On August 5, Hermeus announced signing a USD 60 million U.S. Air Force follow-up partnership for flight-testing its first aircraft, Quarterhorse.
Initially, Hermeus landed a U.S. Air Force contract for the initial development of a hypersonic business jet for presidential travel. The new partnership complements an earlier partnership with NASA, announced back in February 2021.
Hermeus aims to transform global human transportation with Mach 5 aircraft. Quarterhorse will be the fastest reusable aircraft in the world, designed to fly at a top speed of Mach 5.5, equivalent to 6790 km/h. At more than five times the speed of sound, flights from New York to London will take no more than 90 minutes!
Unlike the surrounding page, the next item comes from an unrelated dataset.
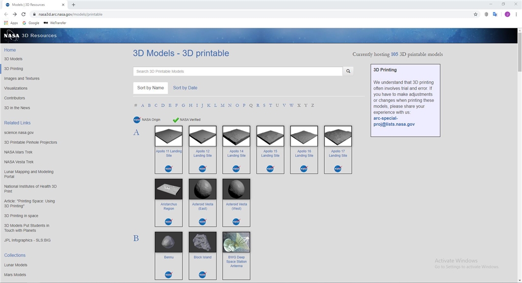 這是NASA設(shè)立的3D列印模型網(wǎng)站,上面充滿各式各樣與太空探索相關(guān)的圖檔,從氣象到星球表面,甚至衛(wèi)星、地標(biāo)物的模型都有。這些皆可用於3D列印,除了滿足大家對(duì)於太空的好奇與想像,還能讓你擁有浩瀚宇宙的實(shí)體模型!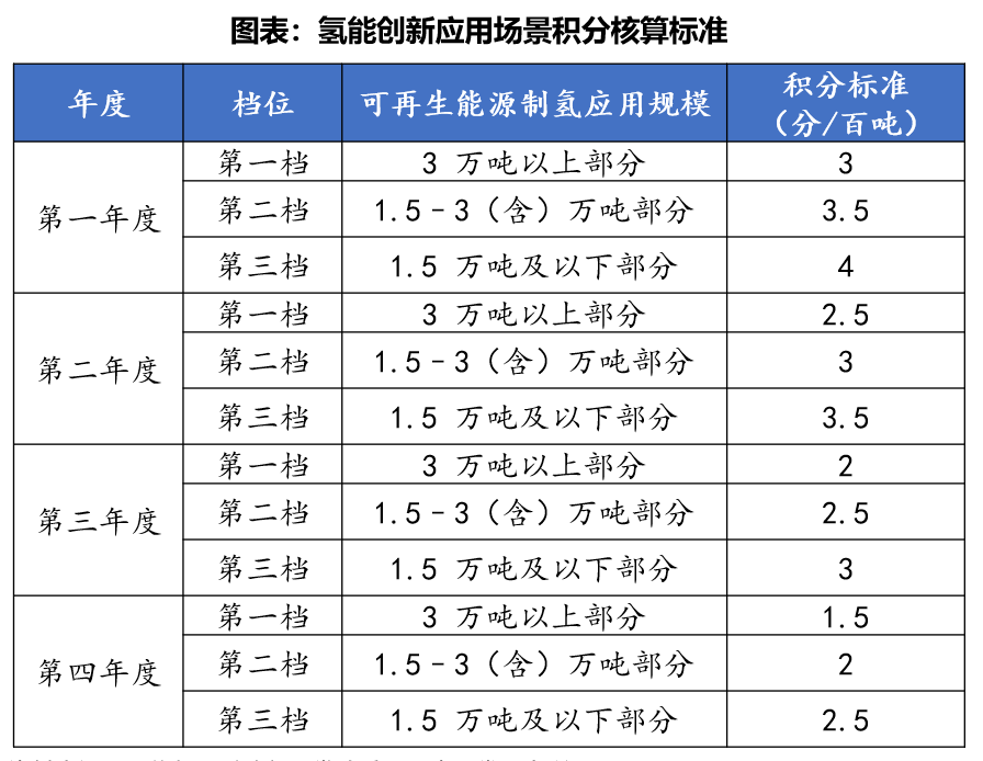 #补贴强度量化:测算对应3-4元/kg氢补贴。根据附件中的资金支持标准,奖励将基于各场景终端产品或用氢规模核算的“积分”进行(1积分奖励8万元)。结合各场景单位产品的用氢量折算,测算对应到绿氢的补贴强度约为3-4元/kg。#其意义在于通过“真金白银”确立了绿氢在多元场景下的经济性补偿机制,且与地方政策、碳税形成合力后,将有效加速绿氢平价的到来。

The Quarterhorse’s unique engine…
The Quarterhorse will be the first aircraft of its kind to fly a turbine-based combined cycle (TBCC) engine. Its engine is based on the GE J85 turbojet, modified to reach hypersonic speeds.
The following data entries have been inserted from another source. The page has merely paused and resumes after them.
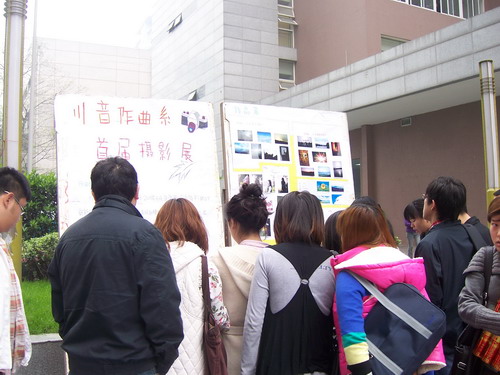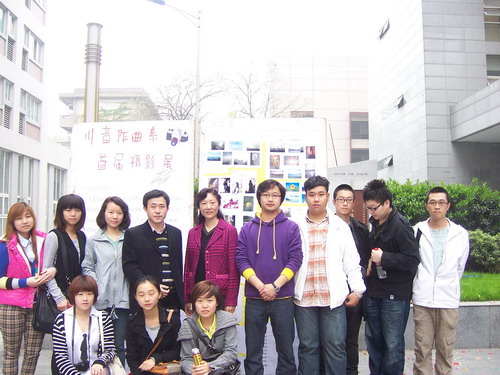 2010年4月12日上午10:00,在教学楼前,作曲系摄影社首届摄影展正式开幕。 在院团委的领导下,及系领导及各位辅导员的号召下,系摄影社筹划举办了首届摄影展。本次摄影展积极向上地反映了学生的生活及思想,胡维亚老师作为指导教师参与了本次摄影展。 团委李天昊书记亲自到场指导,给社团同学极大的鼓励。李书记给予活动极高的评价与支持,他说:“学院需要健康的全面的发展;需要有这样的一群人;需要有这样的摄影社。”同时,李书记也提出了几点希望和建议。 本次摄影展的成功举办,与学院的支持,老师的鼓励,同学们的积极参与是密不可分的,摄影社也欢迎更多的同学加入。作曲系摄影社会不断地发扬壮大下去,以后将定期举办不同主题的摄影活动,记录下学院及同学们的点点滴滴,展示社团活动更多的风采。 川音作曲系摄影社成立于2008年4月,是学院团委领导下的一个崭新的社团组织,主要由大一至大三年级的摄影爱好者组成。社团经过近2年不断发展壮大,现已有社员十多人。社团采取自治管理的方式,本着丰富学生课余生活、提高学生综合能力以及开辟第二课堂为宗旨,在每学期都制定了丰富多彩的活动计划。 社团组织并带领社员积极参与学校各项摄影创作采风活动,增强了团队的凝聚力,使社员在丰富多彩的活动中领略到摄影的魅力,提高了摄影技术,增添了生活的情趣。 作曲系摄影社将在以后继续定期举办各类摄影展览,欢迎各位师生参观指正。
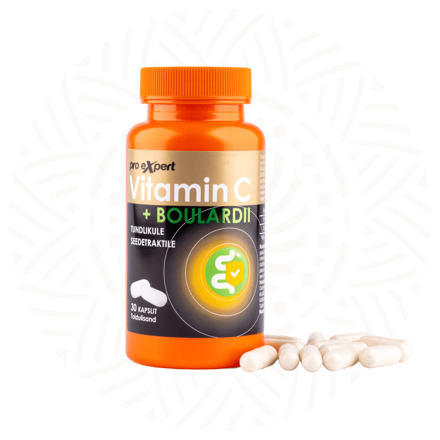 Vitamiin C Pro Expert + BOULARDII contains neutral (i.e., non-acidic) vitamin C to support the immune system and natural yeast-like microorganisms — Saccharomyces BOULARDII. Saccharomyces boulardii is coated with a special multi-layer micro-biofilm. It contains nutrients needed to improve BOULARDII’s viability as well as special protective layers that increase BOULARDII’s resistance to stomach acid and digestive enzymes, so that as many viable BOULARDII strains as possible can reach the lower part of the digestive tract. The vitamin C in Vitamin C Pro Expert + BOULARDII is not acidic and is therefore well suited even for people with a sensitive digestive system¹.
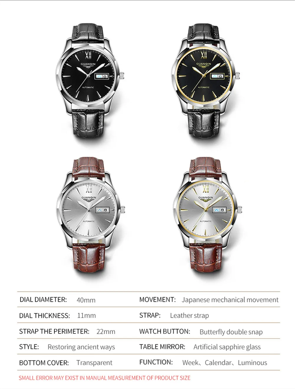 GUANQIN механические часы, мужские японские автоматические часы NH3...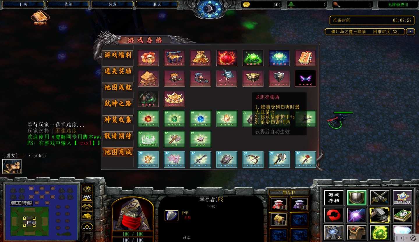 地图名字:僵尸岛之魔王降临1.1.0地图下载+无CD无限蓝P闪+商城特权+刷物品+指令功能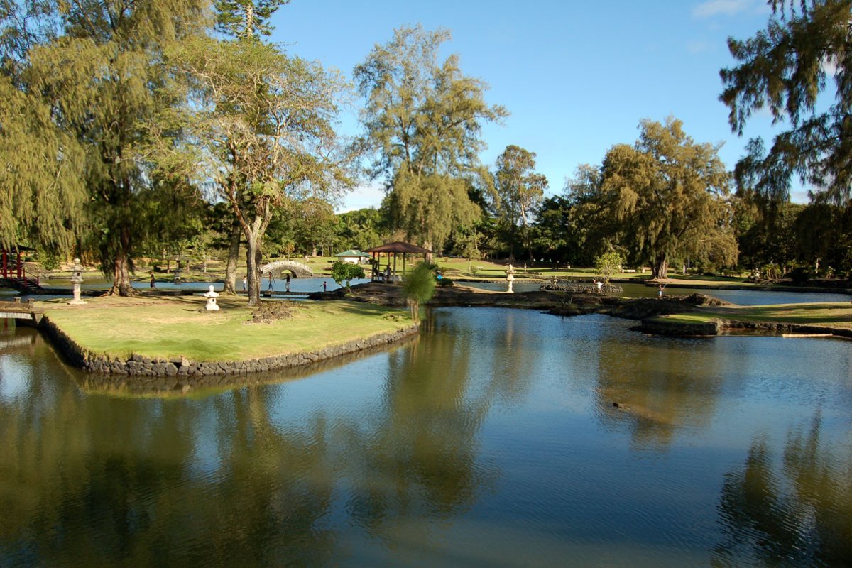 Lili'uokalani Park was named in honor of Hawaii's last queen and features a meticulously manicured Japanese landscape ringed by sprawling banyan trees.

TBCC propulsion systems use standard jet engines for launch and landing. They also use standard jet engines to build enough speed in flight to feed air into a ramjet/ scramjet, a second turbine. A ramjet produces more power but requires high-speed airflow to start. The smooth transition between turbines to achieve optimal aerodynamics is key to achieve successful hypersonic flight.
The Quarterhorse’s projected timeline…
Hermeus emphasized its plans to take a dual military/ civil path for the development of Quarterhorse, confident about the commercial and defense applications for their aircraft in the making.
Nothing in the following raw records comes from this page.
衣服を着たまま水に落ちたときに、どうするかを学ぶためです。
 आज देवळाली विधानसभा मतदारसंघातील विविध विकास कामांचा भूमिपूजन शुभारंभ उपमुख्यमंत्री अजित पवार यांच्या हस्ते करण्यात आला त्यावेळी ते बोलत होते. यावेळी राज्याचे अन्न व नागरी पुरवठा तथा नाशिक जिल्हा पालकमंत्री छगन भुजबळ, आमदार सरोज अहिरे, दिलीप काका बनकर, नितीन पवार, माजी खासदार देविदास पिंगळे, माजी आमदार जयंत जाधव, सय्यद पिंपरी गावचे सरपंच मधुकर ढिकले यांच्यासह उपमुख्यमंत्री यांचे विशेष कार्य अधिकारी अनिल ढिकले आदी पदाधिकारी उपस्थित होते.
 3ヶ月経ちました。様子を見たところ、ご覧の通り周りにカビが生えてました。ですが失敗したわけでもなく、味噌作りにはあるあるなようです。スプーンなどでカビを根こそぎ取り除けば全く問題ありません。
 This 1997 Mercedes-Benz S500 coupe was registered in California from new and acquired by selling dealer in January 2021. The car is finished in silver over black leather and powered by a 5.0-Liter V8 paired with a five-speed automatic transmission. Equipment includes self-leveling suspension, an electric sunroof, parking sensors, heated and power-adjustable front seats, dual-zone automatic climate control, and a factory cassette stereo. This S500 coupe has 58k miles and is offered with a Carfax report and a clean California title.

Hermeus has already designed, built, and began testing Quarterhorse’s engine. With metal already cut for the vehicle, Hermeus plans to build the hypersonic jet at its new factory in Atlanta.
The company plans to test an unmanned small-scale version of the Quarterhorse in 2023. In 2025, Hermeus plans to test a larger cargo-carrying version, with a longer range and a more capable environmental control.
The company will then progress toward a 20-seat passenger aircraft, targeted for FAA certification in 2029.
Supersonic flights are indeed just around the corner. Will hypersonic flights follow by 2030?